Lamp Room
- Building: Big Pit National Coal Museum
- Location: Blaenavon
- Country: Wales, UK
- Purpose: Storage, maintenance, and issuance of miners' safety lamps
- Operator: Lamp room keeper

= Lamp room =

Mining facility to maintain lamps

A lamp room is a designated facility, historically associated with coal mines, where miners' safety lamps were stored, maintained, inspected, and issued. It served as a critical hub for mine safety and administrative control throughout the 19th and much of the 20th century. The lamp room keeper was a responsible official who played a key role in tracking personnel underground.

== History and function ==
The lamp room became an essential part of mine infrastructure following the widespread introduction of the Davy lamp and other safety lamps in the early 19th century. Before the advent of electric lighting and modern methane detection, these lamps were the primary source of light and a vital indicator of atmospheric conditions, for example, the presence of firedamp.

Its primary functions were:

- Storage & Charging: Safely storing hundreds of lamps. For oil lamps, this included refilling fuel. For later electric cap lamps, it involved charging batteries on large racks.
- Maintenance & Repair: Ensuring wicks, glasses, meshes, and later, electrical components were in perfect working order to prevent ignition of gases.
- Issuance and Collection: Each miner would be issued their unique numbered lamp at the start of a shift and return it at the end. This process, recorded by the lamp room keeper, provided a reliable check-in/check-out system to know exactly who was underground.
- Safety Control: Lamps were only issued to authorized personnel. The lamp room often served as a choke point where men could be checked for contraband (e.g., matches, cigarettes) that could cause an explosion.

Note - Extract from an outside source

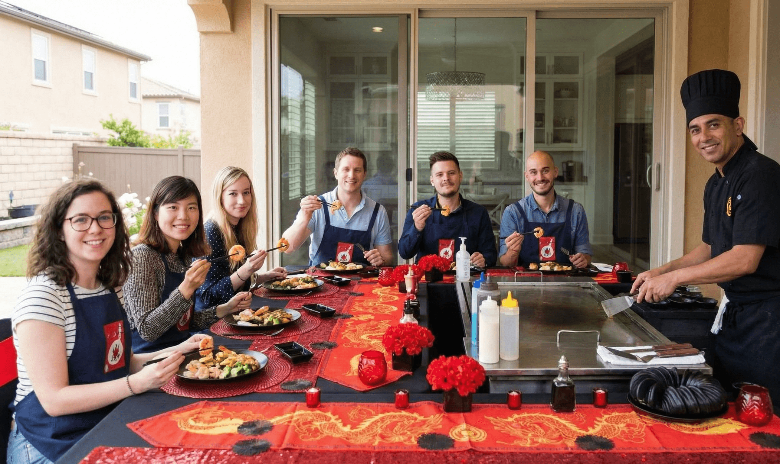 ENJOY THE ULTIMATE HIBACHI PERFORMANCE AND DELICIOUS, FRESH-COOKED FOOD WITHOUT LEAVING YOUR HOME. FROM SETUP TO CLEANUP, WE HANDLE EVERYTHING SO YOU CAN RELAX AND PARTY.

=== Decline and heritage ===
The role of the traditional lamp room diminished in the late 20th century with the decline of coal mining, the shift to maintenance-free modern lamp units, and improved electronic tracking systems. However, the architectural and social significance of lamp rooms remains.

Many preserved mining museums, such as the Big Pit National Coal Museum in Wales and the Caphouse Colliery (National Coal Mining Museum for England) in Yorkshire, feature restored lamp rooms as central exhibits, demonstrating this critical aspect of mining life and safety.

== Layout and typical features ==
A lamp room was usually located at the surface, near the pit head and the mine office. Its design prioritized safety and workflow:

- Separate Rooms: Often had separate, well-ventilated areas for filling oils (the "oil house") to isolate fire risk.
- Strong Racks: Sturdy wooden or metal racks with numbered spaces for each lamp. · Counting Board/Tokens: A board with numbered tags or tokens corresponding to each lamp. A miner would take their token to the window to exchange for their lamp, providing a clear visual record of who was still underground.
- Repair Benches: Equipped with tools for lamp maintenance.
- Charge Racks: In later years, banks of charging stations for electric cap lamp batteries.

=== The lamp room keeper ===
The lamp room keeper was a trusted official, often a senior miner. Duties included maintaining the lamps, keeping meticulous records of issuance, and ensuring no unsafe items were taken underground. The keeper's record was the definitive list for rescue operations in the event of an accident.